Fibonacci stream (defined in Scaladocs for Stream) went somewhat better, it "simply" runs out of memory:
scala> import scala.math.BigInt
import scala.math.BigInt
scala> val fibs:Stream[BigInt] = BigInt(0) #:: BigInt(1) #:: fibs.zip(
| fibs.tail).map(n=> {
| n._1 + n._2})
fibs: Stream[scala.math.BigInt] = Stream(0, ?)
scala> fibs.take(10000)
res0: scala.collection.immutable.Stream[scala.math.BigInt] = Stream(0, ?)

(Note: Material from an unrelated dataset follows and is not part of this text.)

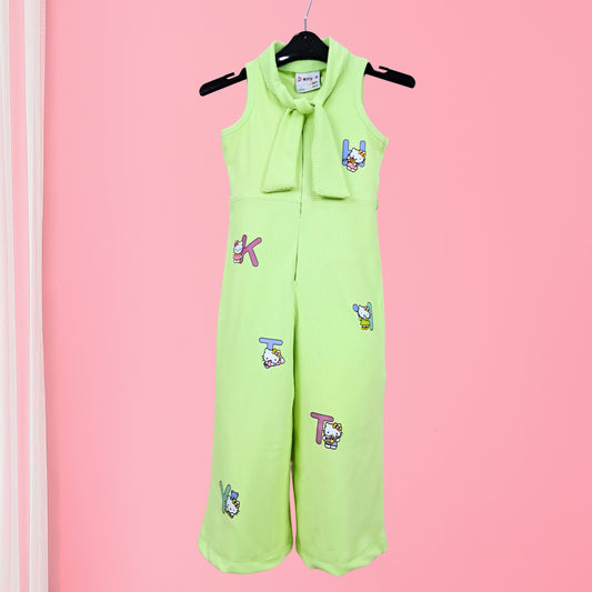 (RC-942) Tie Knot Neck Full Length Sea Green Jumpsuit
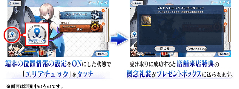 通信の状態が不安定な場合や、位置情報の設定がOFFに設定されている場合は、「店舗来店特典」の概念礼装が上手く入手できない場合がございます。

scala> fibs.take(10000).toList
res1: List[scala.math.BigInt] = List(0, 1, 1, 2, 3, 5, 8, 13, 21, 34, 55, 89, 144, 233, 377, 610, 987, 1597, 2584, 4181, 6765, 10946, 17711, 28657, 46368, 75025, 121393, 196418, 317811, 514229, 832040, 1346269, 2178309, 3524578, 5702887, 9227465, 14930352, 24157817, 39088169, 63245986, 102334155, 165580141, 267914296, 433494437, 701408733, 1134903170, 1836311903, 2971215073, 4807526976, 7778742049, 12586269025, 20365011074, 32951280099, 53316291173, 86267571272, 139583862445, 225851433717, 365435296162, 591286729879, 956722026041, 1548008755920, 2504730781961, 4052739537881, 6557470319842, 10610209857723, 17167680177565, 27777890035288, 44945570212853, 72723460248141, 117669030460994, 190392490709135, 308061521170129, 498454011879264, 806515533049393, 1304969544928657, 2111485077978050,...

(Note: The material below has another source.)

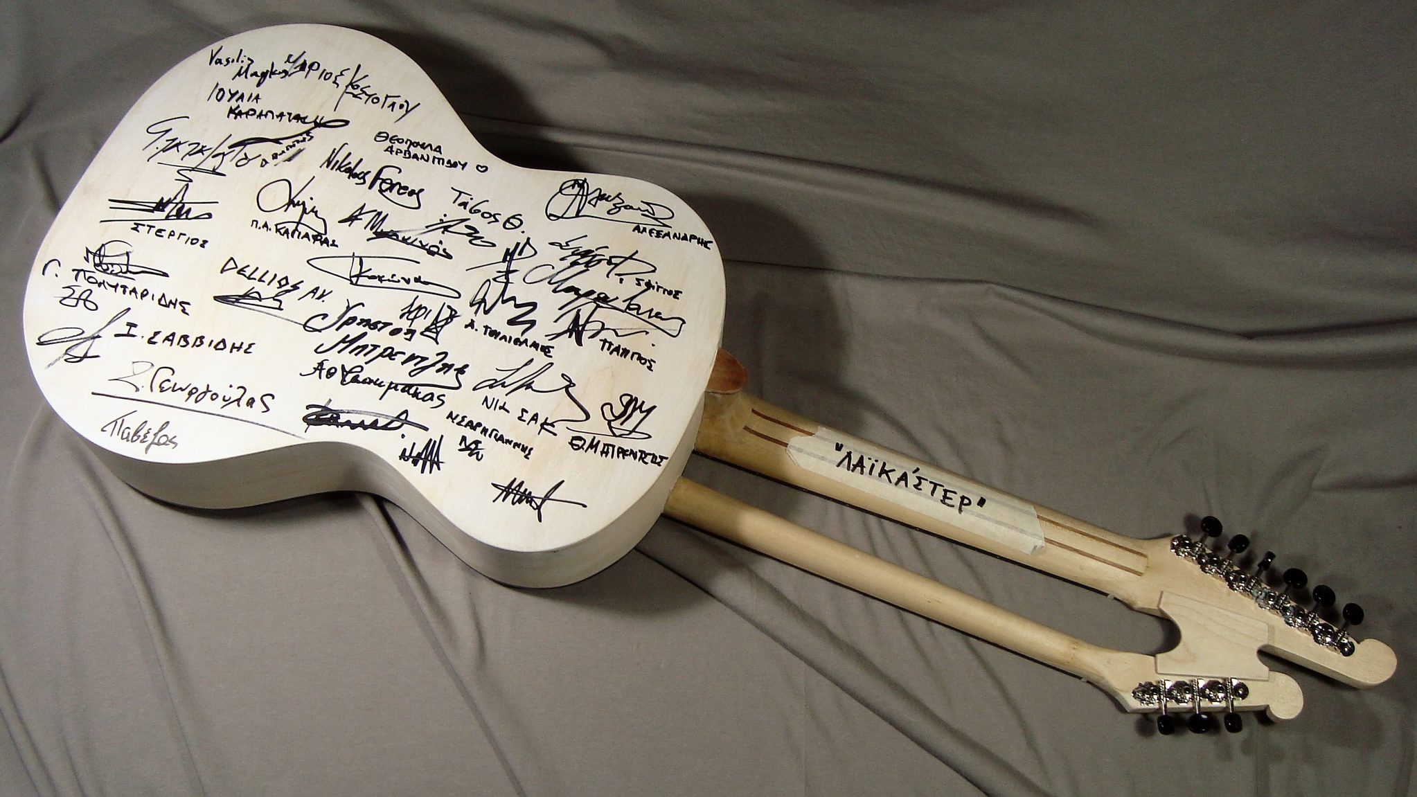 αμέσως μετά, ήρθε κι άλλη έμπνευση: αφού δεν είχα βερνικώσει (ούτε καν αποφασίσει αν θα την αφήσω έτσι) το σκάφος της, είπα να συλλέξω υπογραφές από τους παριστάμενους οργανοποιούς και σημαντικούς (όσους ήξερα κι είχα το θάρρος) επισκέπτες και συντελεστές. Έτσι έχει υπογραφές από Κοκκώνη, Ιφ. Ιωάννου, Πάππο, Ιουλ. Καραπατάκη κ.ά. Θα βερνικωθεί (για προστασία) και θα πάει ως δώρο και αναμνηστικό στην Πριγκηπέσσα, που είναι το "δεύτερο σπίτι" του φεστιβάλ (όπως και το 2014).

scala> fibs.take(100000).toList
java.lang.OutOfMemoryError: Java heap space
at java.math.BigInteger.add(BigInteger.java:1075)
at java.math.BigInteger.add(BigInteger.java:1048)
at scala.math.BigInt.$plus(BigInt.scala:203)
at $anonfun$1$$anonfun$apply$1$$anonfun$apply$2.apply(<console>:10)
at $anonfun$1$$anonfun$apply$1$$anonfun$apply$2.apply(<console>:9)
at scala.collection.immutable.Stream$$anonfun$map$1.apply(Stream.scala:376)
at scala.collection.immutable.Stream$$anonfun$map$1.apply(Stream.scala:376)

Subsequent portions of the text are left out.